Prime Minister of France
- In office 18 June 1954 – 23 February 1955
- President: René Coty
- Preceded by: Joseph Laniel
- Succeeded by: Edgar Faure

Minister of Foreign Affairs
- In office 18 June 1954 – 20 January 1955
- Prime Minister: Himself
- Preceded by: Georges Bidault
- Succeeded by: Edgar Faure

Mayor of Louviers
- In office 13 March 1953 – 27 November 1958
- Preceded by: Marcel Malherbe
- Succeeded by: André Vincelot
- In office 17 May 1935 – 20 September 1939
- Preceded by: Raoul Thorel
- Succeeded by: Auguste Fromentin

President of the General Council of Eure
- In office 6 October 1945 – 6 December 1958
- Preceded by: Office established
- Succeeded by: Gustave Héon

Minister of National Economics
- In office 4 September 1944 – 6 April 1945
- Prime Minister: Charles de Gaulle
- Preceded by: Office established
- Succeeded by: René Pleven

Commissioner for Finances
- In office 3 November 1943 – 4 September 1944
- President: Charles de Gaulle
- Preceded by: Maurice Couve de Murville
- Succeeded by: Aimé Lepercq

Personal details
- Born: Pierre Isaac Isidore Mendès France 11 January 1907 Paris, France
- Died: 18 October 1982 (aged 75) Paris, France
- Party: Radical (1924–1959) Autonomous Socialist (1959–1960) Unified Socialist (1960–1971)
- Spouses: ; Lily Cicurel ​ ​(m. 1933; died 1967)​ ; Marie-Claire Servan-Schreiber ​ ​(m. 1971)​
- Children: 2
- Alma mater: University of Paris

= Pierre Mendès France =

French politician (1907–1982)

Pierre Isaac Isidore Mendès France (/fr/; 11 January 1907 – 18 October 1982) was a French politician who served as prime minister of France for eight months from 1954 to 1955. As a member of the Radical Party, he headed a government supported by a coalition of Gaullists (RPF), moderate socialists (UDSR), Christian democrats (MRP) and liberal-conservatives (CNIP).
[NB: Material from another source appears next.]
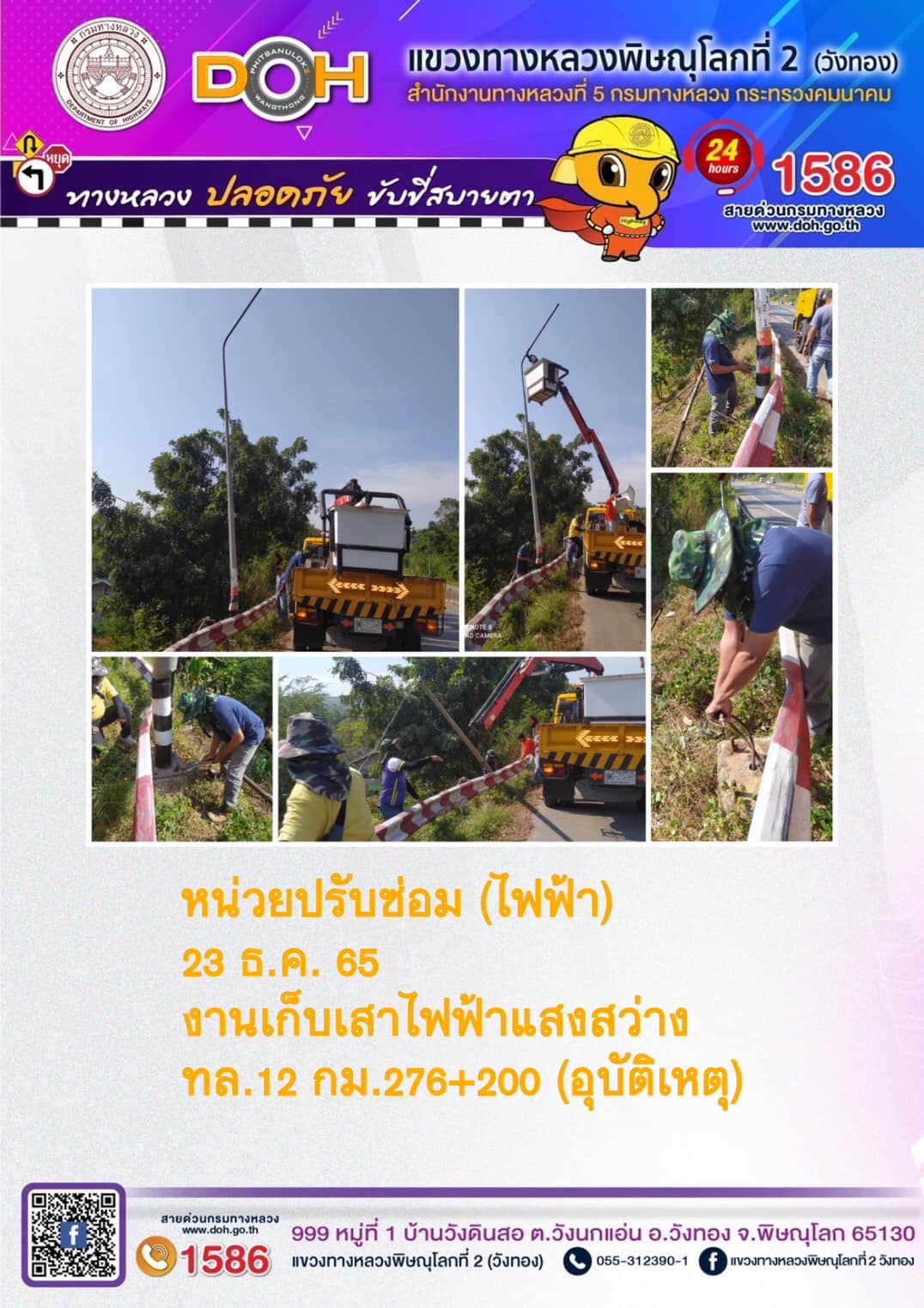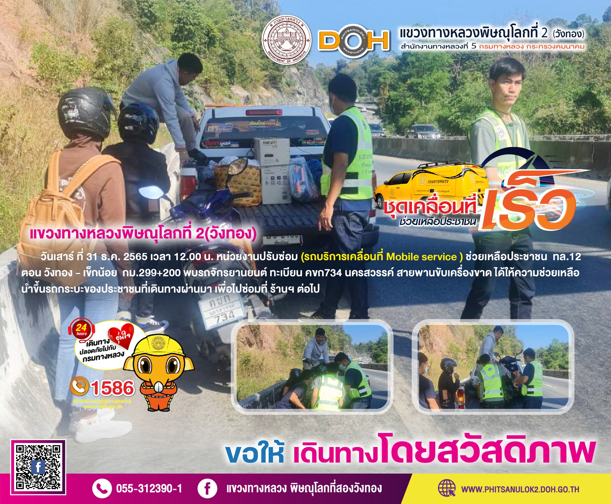 บริการประชาชนช่วงเทศกาลปีใหม่ 2562 แขวงทางหลวงพิษณุโลกที่ 2(วังทอง)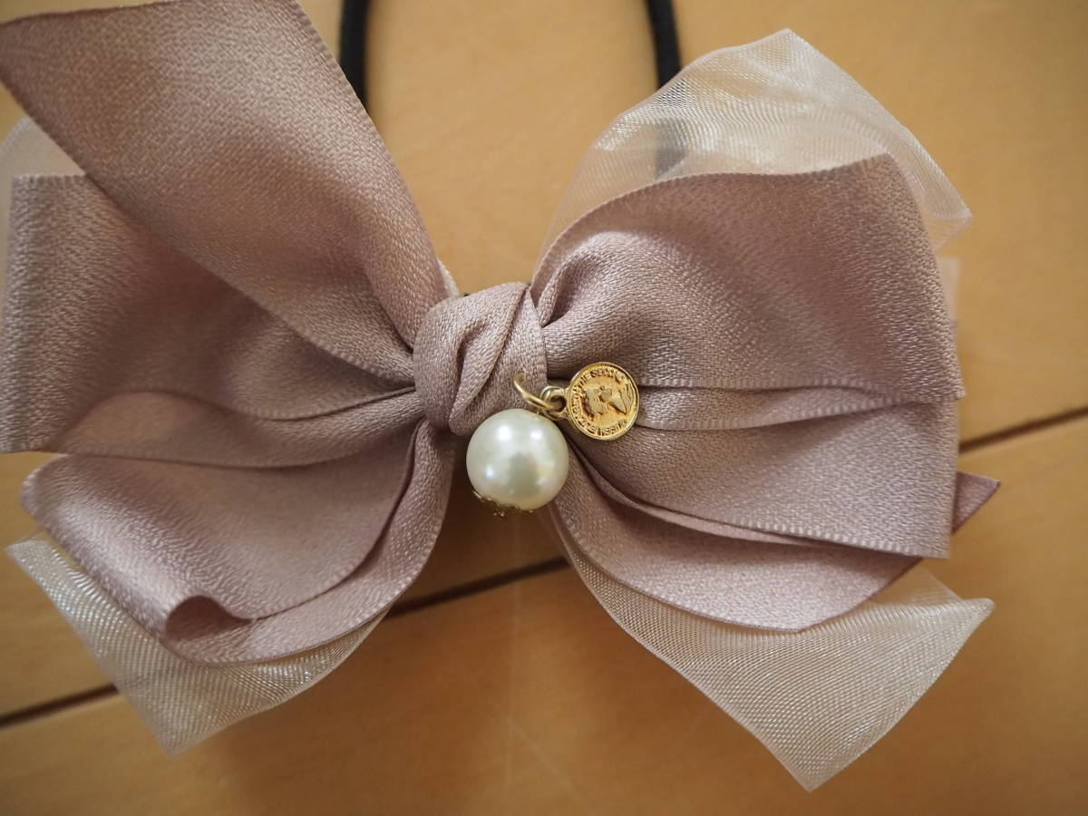 右:ピンクベージュの2種類のリボンにパールビーズ

Pierre-Mendès France is primarily remembered as the French Prime Minister who was in office at the outbreak of the Algerian independence war in 1954. During his tenure, France initiated close military cooperation with Israel, selling arms and aircraft to the young state. Mendès-France laid the groundwork for France’s military nuclear program and the early transfer of nuclear technology to Israel.

==Early life==
Mendès France was born on 11 January 1907 in Paris, the son of a textile merchant from Limoges. He was descended from Portuguese Jews who settled in France in the 16th century. He studied at the École des sciences politiques and the Faculty of Law of Paris, graduating with a doctorate in law and becoming the youngest member of the Paris bar association in 1926, at age 19. In 1924, Mendès France joined the Radical Party, the traditional party of the French middle-class centre-left (not to be confused with the mainstream SFIO, often called the Socialist Party). He married Lili Cicurel, the niece of Salvator Cicurel.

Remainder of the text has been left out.